Problem statement: In the material below, find the line with "Notre portillon grillagé" and the line with "阿賀野川の流れを最上階から眺", then output both and every line between them exactly, omitting pictures.

Source data:
########

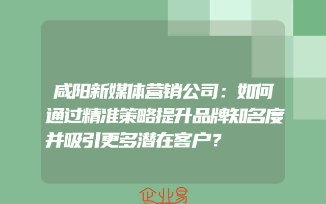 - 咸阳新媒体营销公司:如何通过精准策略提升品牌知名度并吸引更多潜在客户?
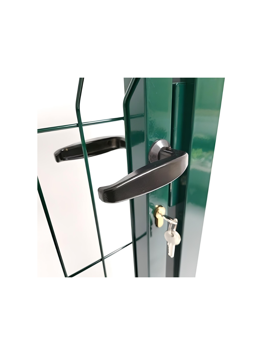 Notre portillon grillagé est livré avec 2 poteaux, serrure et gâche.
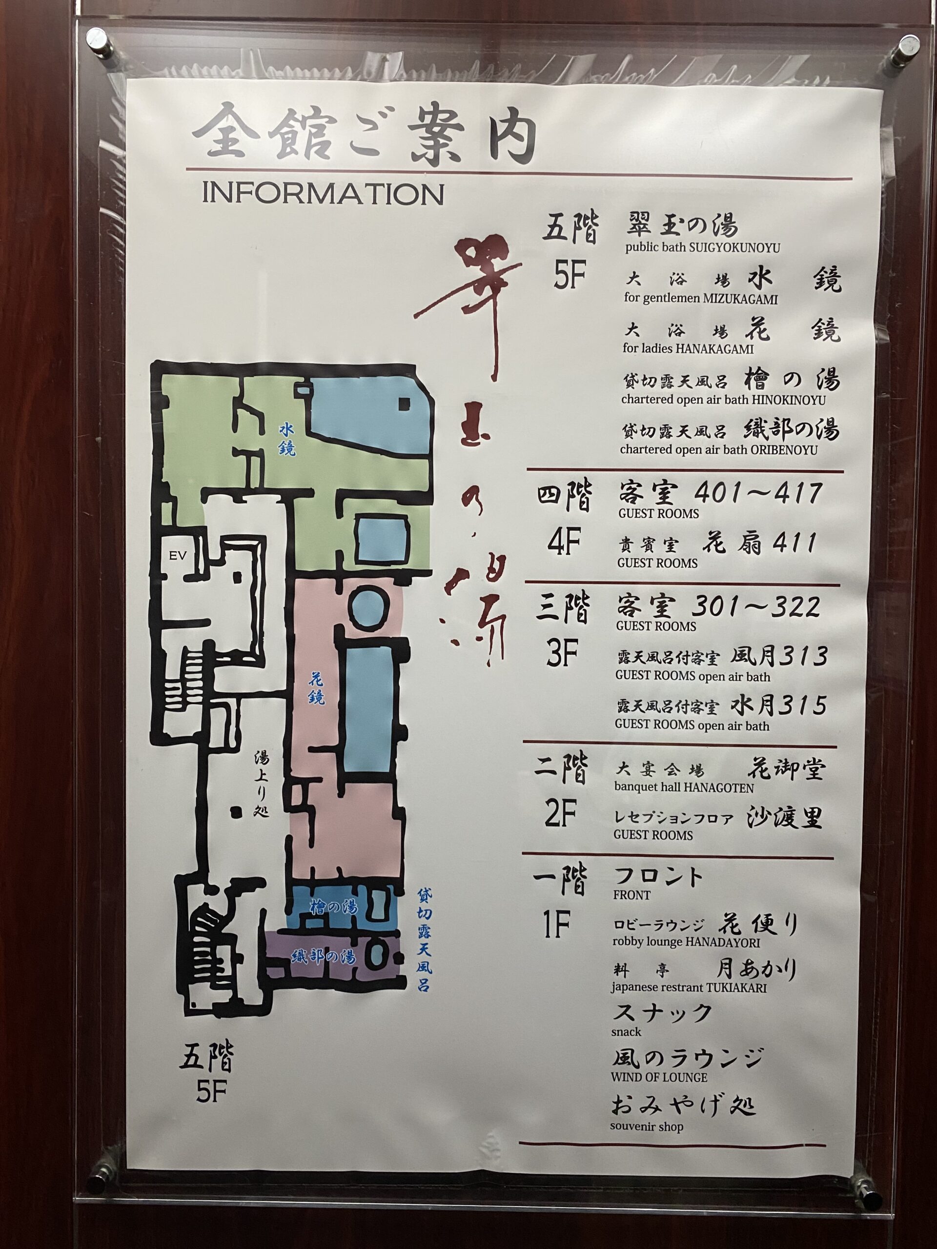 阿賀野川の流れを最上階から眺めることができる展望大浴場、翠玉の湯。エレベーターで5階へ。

########

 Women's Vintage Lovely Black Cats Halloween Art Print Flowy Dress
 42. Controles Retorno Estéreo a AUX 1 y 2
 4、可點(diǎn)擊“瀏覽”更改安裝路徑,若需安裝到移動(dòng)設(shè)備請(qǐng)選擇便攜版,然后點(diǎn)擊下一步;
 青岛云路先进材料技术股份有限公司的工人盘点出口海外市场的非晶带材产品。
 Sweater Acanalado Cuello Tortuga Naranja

########

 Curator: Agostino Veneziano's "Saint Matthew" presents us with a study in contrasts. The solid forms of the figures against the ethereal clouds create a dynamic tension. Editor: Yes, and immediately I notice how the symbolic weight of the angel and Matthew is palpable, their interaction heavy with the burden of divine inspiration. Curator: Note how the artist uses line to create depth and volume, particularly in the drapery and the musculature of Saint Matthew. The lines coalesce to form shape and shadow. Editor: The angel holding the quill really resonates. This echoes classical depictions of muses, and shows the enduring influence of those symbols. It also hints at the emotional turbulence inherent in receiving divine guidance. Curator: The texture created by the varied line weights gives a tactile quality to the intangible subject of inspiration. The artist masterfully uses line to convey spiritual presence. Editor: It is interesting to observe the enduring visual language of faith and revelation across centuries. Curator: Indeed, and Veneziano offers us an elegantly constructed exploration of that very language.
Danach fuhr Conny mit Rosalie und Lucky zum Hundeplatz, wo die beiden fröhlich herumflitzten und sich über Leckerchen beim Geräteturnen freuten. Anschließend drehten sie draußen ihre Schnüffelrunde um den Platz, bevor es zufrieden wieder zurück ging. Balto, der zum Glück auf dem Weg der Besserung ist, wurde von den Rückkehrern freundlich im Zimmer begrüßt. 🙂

########

Answer for the task:
 Notre portillon grillagé est livré avec 2 poteaux, serrure et gâche.
 阿賀野川の流れを最上階から眺めることができる展望大浴場、翠玉の湯。エレベーターで5階へ。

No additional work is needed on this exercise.